Jay Holmes is an Aggie through and through. The head coach of the Texas A&M men’s swimming team for 14 years and an assistant for the 18 years before that, Holmes has been with the program through plenty of highs and lows, and last month, when his team hosted the SEC championships, he knew that he was witnessing a special effort.
In their first five appearances at the SEC championships, the Aggie men had finished seventh, seventh, eighth, eighth and seventh. But with three sessions to go in the 2018 meet, Holmes’ squad sat in second place, 13 points ahead of perennial powerhouse Georgia.
“Obviously, it’s a lot of fun. It’s fun having the alums that have been with us before, how much fun they’re having watching it. I’m getting a lot of texts from them, and you can almost hear it in their voices, how excited they are that we’re in the fight,” Holmes said.
In the very first men’s event of the meet, A&M diver Tyler Henschel won a conference championship on the 3-meter board, and teammate Sam Thornton later finished third on 1-meter. In the racing pool, Mauro Castillo, Angel Martinez and Brock Bonetti each secured multiple top-three individual finishes.
Finally, in the last individual race, Castillo, Jonathan Tybur, Tanner Olson and Austin Van Overdam finished second, fourth, sixth and seventh, respectively in the 200 breast. That essentially locked the Aggies into second place, and they finished ahead of Georgia by a margin of 994 to 975.5. The Aggies believed they were primed for a leap forward, and they pulled it off.

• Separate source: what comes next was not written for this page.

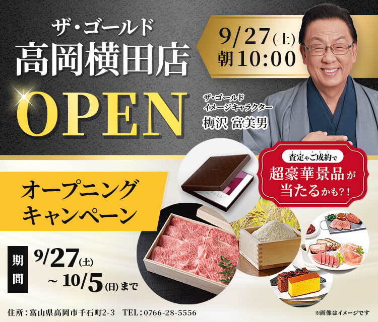 これを記念して、「ザ・ゴールド高岡横田店」オープニングキャンペーンを開催します!

“Jason does a great job at getting kids to believe,” Holmes said. “He’s really good at it.”
“Jason” refers to Holmes’ third-year assistant coach, Jason Calanog. Calanog arrived during the summer of 2015 from the Bolles School, where his duties included mentoring a young sprinter named Caeleb Dressel.
When Holmes was looking for a new understudy, he was seeking someone different than him—different coaching methods, different techniques, different personality. In Calanog, that’s what he got.
“Hopefully I’m bringing something to the table, but there’s things that I’m going to miss, things that I’m not going to be as aware of as someone who’s different. Jason, he’s different than me. He’s probably more 95 miles per hour than I am. I’m much more 55,” Holmes said. “All you know is that Jason wants to win.”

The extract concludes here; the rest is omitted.